One of the conversations I’ve been having is how to shift organizations into modern workplace learning. These discussions have not been with L&D, but instead targeted directly at organizational strategy. The idea is to address a particular tactical goal as part of a strategic plan, and to do so in ways that both embody and develop learning and a collaboration culture. The topic was then raised about how you’d approach an L&D unit under this picture. And I wondered whether you’d use the same approach to developing L&D as part of L&D operations. The answer isn’t obvious.
So what I’m talking about here would be to take an L&D initiative, and do it in this new way, with coaching and scaffolding.

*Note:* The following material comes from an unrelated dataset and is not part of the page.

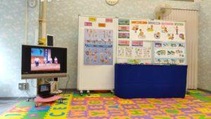 待機時間は週末イベント「イングリッシュカーニバル」の映像が流れていて、0歳・2歳ともに釘付けになっていました。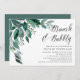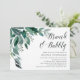 O convite para perfuração de chá de panela chic apresenta folhas e folhagem verdes de eucalipto enxutos, ilustradas em aquarela. Personalize com seus detalhes de brunch bridal alinhados à direita, com "brunch & bubble" em um roteiro elegante de caligrafia. Cartões invertidos a verde florestal sólido.

The overall model involves a series of challenges with support. You’re developing some new organizational capability, and you’d scaffold the process initially with some made up or pre-existing challenges. Then you gradually move to real challenges. So, does this model change for L&D?
My thought was that you’d take an L&D initiative, and something out of the ordinary, an experiment. Depending on the particular organization’s context, it might be performance support, or social media, or mobile, or… Then you define an experiment, and start working on it. To develop the skills to execute, you give a team (or teams) some initial challenges: e.g. critique a design. Then more complex ones, so: design a solution to a problem someone else has solved. Finally, you give them the real task, and let them go (with support).

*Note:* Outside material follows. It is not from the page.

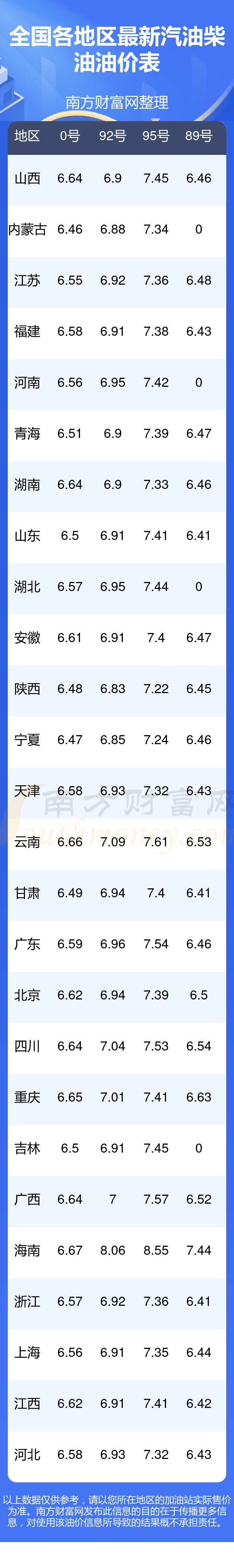 油價數(shù)據(jù)僅供參考,請以您所在地區(qū)的各加油站報價為準。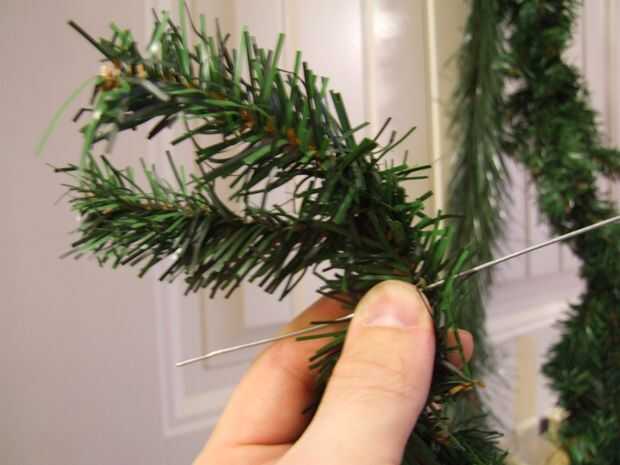 La segunda rama está vinculada no a la suspensión, pero a la primera rama. El espacio de la longitud de las ramas es aproximado, pero espaciado de 1/6 parece que funciona. Si está utilizando un estilo fresco, sin cortar trozo de guirnalda viene con un extremo wirey para accesorio. Si no tienes que usar un cable más pesado de 18 calibre para hacer el fin de agregar el número 2 al número 1.

This isn’t slow; it’s done in sprints, and still fits in between other work. It can be done in a matter of weeks. In doing so, you’re having the team collaborate with digital tools (even if/while working F2F, but ideally you have a distributed team). Ultimately, you are developing both their skills on the process itself and on working together in collaborative ways.
In talking this through, I think this makes sense for L&D as well, as long as it’s a new capability that’s being developed. This is an approach that can rapidly develop new tactical skills and change to a culture oriented towards innovation: experimentation and iterative moves. This is the future, and yet it’s unlike most of the way L&D operates now.
Most importantly, I think, is that this opportunity is on the table now for a brief period. L&D can internally develop their understanding and ability of the new ways of working as a step towards being an organization-wide champion. The same approach taken within L&D then can be taken and used elsewhere. But it takes experience with this approach before you can scale it. Are you ready to make the shift?